Select the Right Persona
Auditor Persona
Optimized for verification, evidence collection, and gap analysis.
Use when:
Conducting internal audits or mock assessments
Reviewing existing documentation for compliance gaps
Preparing for external certification audits
Analyzing uploaded policies or risk assessments
Characteristics:
Skeptical, evidence-focused tone
Emphasizes testing procedures and validation
Highlights potential non-conformances
References specific control requirements and audit criteria
Implementer Persona
Optimized for policy creation, deployment planning, and operational procedures.
Use when:
Drafting new policies or updating existing ones
Creating control implementation guides
Building risk registers or asset inventories
Developing training materials or awareness programs
Characteristics:
Practical, action-oriented tone
Focuses on deployment steps and operationalization
Provides templates and structured formats
Balances compliance requirements with business feasibility
Switching personas mid-conversation can introduce inconsistency.

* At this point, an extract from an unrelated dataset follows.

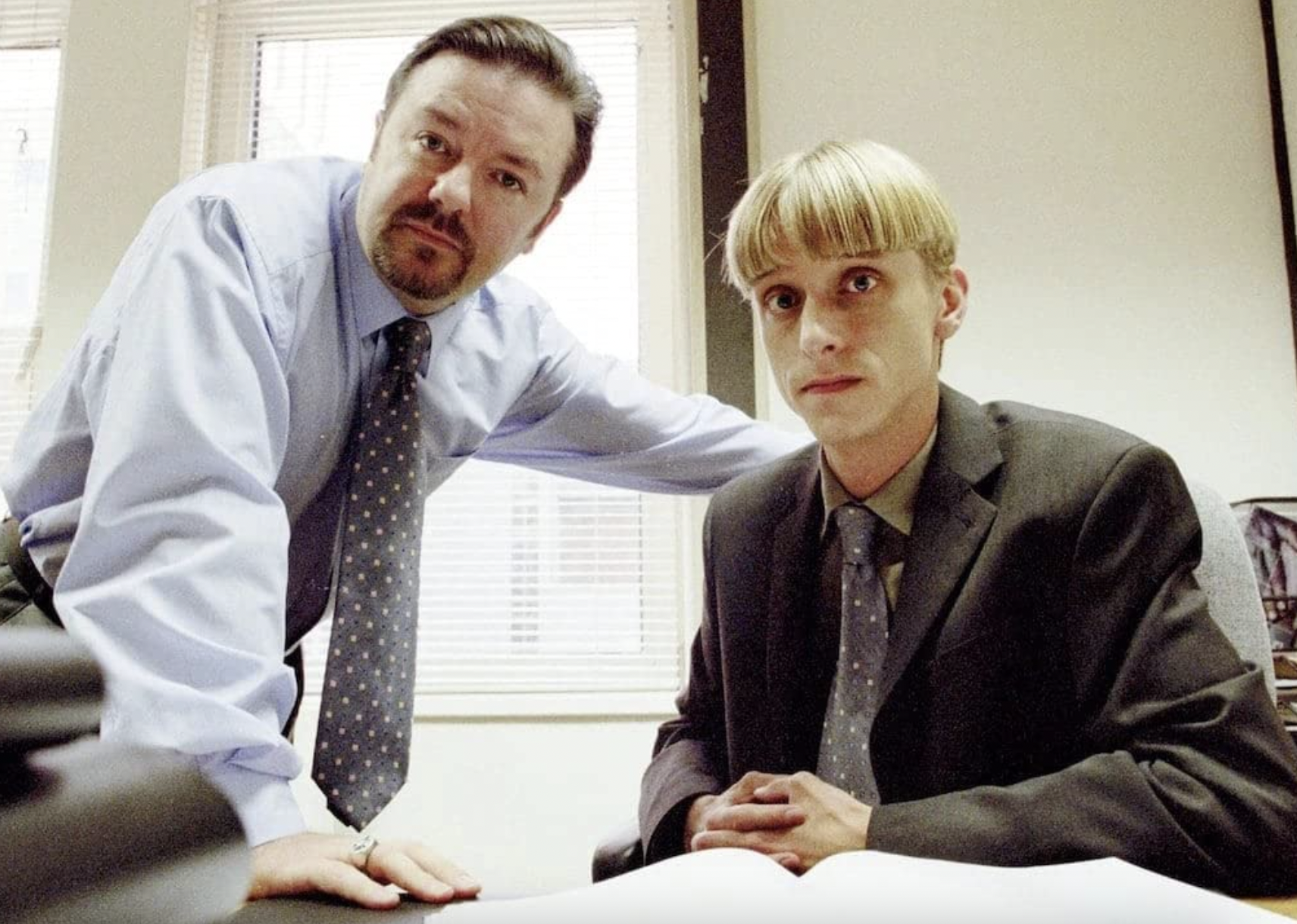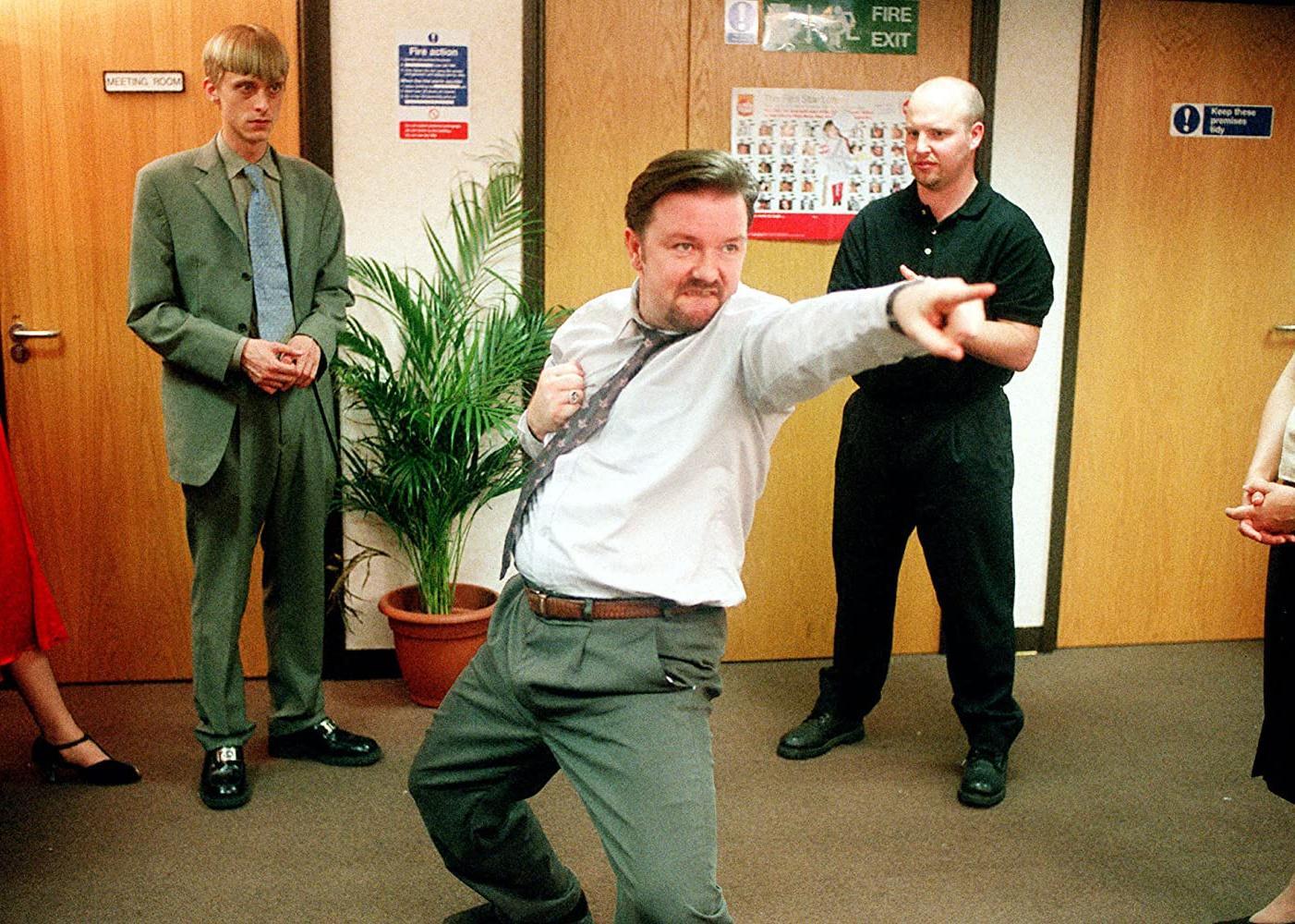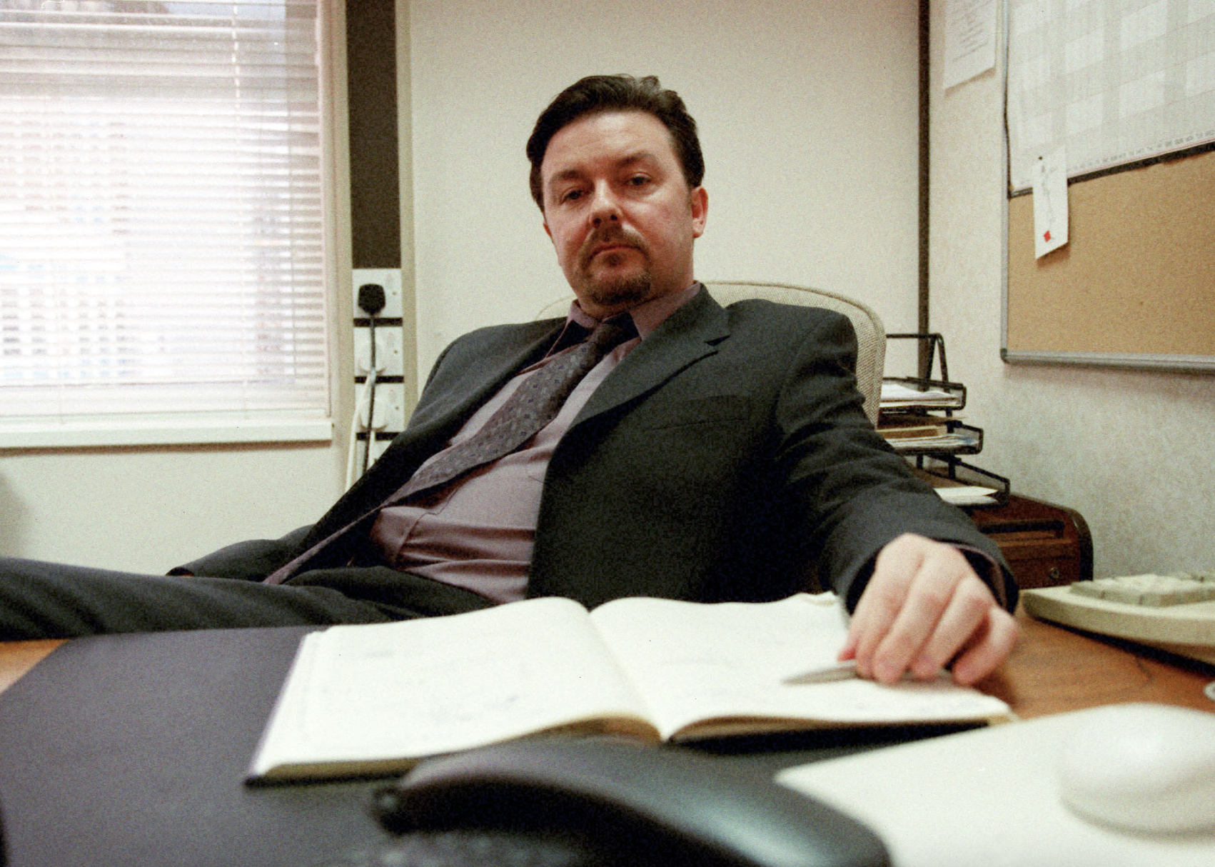 The British mockumentary “The Office” depicts workers in a nondescript town at a nondescript company, where manager David Brent, played by comedian Ricky Gervais, mistakenly considers himself clever, popular, and going places. Fellow office workers entertain themselves with childish behavior, unrequited loves, and worries that the office will be closed down.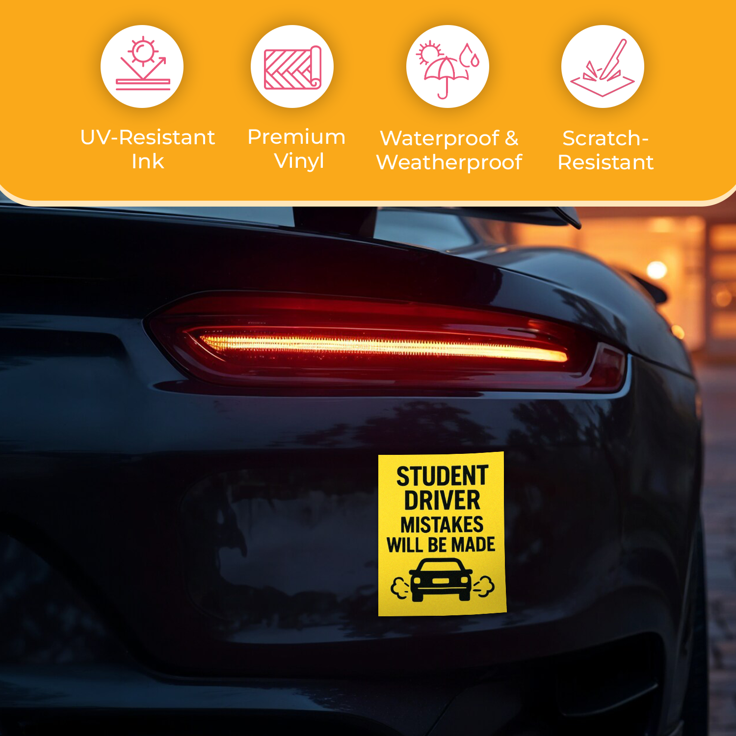 Ease road anxiety and promote safety with our “Student Driver – Mistakes Will Be Made” stickers by StickerJet. This 2-pack includes two 4 x 4 inch bold yellow vinyl decals featuring a fun, attention-grabbing design that signals to nearby drivers to be patient with new drivers.

Choose your persona at the start of each workspace or project, and stick with it.
Use Custom Instructions to Reinforce Character
Define Compliance Role
Set custom instructions that anchor ISMS Copilot in your specific compliance context.
Example custom instruction:
You are a compliance assistant for a SaaS company implementing ISO 27001:2022 and SOC 2 Type II. All outputs should:
- Reference specific control numbers (Annex A for ISO, CC criteria for SOC 2)
- Use formal, audit-ready language
- Include verification steps or evidence requirements
- Align with cloud infrastructure best practices
- Avoid reproducing copyrighted framework text Specify Output Tone
Explicitly define the professional tone you need for compliance documentation.
Example tone instruction:
Tone: Formal and authoritative, suitable for external auditor review. Avoid casual language, humor, or subjective opinions. Use third-person perspective for policies (e.g., "The organization shall..." not "You should..."). Enforce Framework Focus
List the frameworks you're working with to prevent off-topic drift.
Example framework instruction:
Active frameworks: ISO 27001:2022, GDPR, NIST CSF 2.0. Do not reference outdated versions (e.g., ISO 27001:2013) or out-of-scope standards (e.g., PCI-DSS) unless explicitly asked. Overly restrictive custom instructions can cause refusals on legitimate queries. Balance specificity with flexibility by using "primarily" or "unless requested" phrasing.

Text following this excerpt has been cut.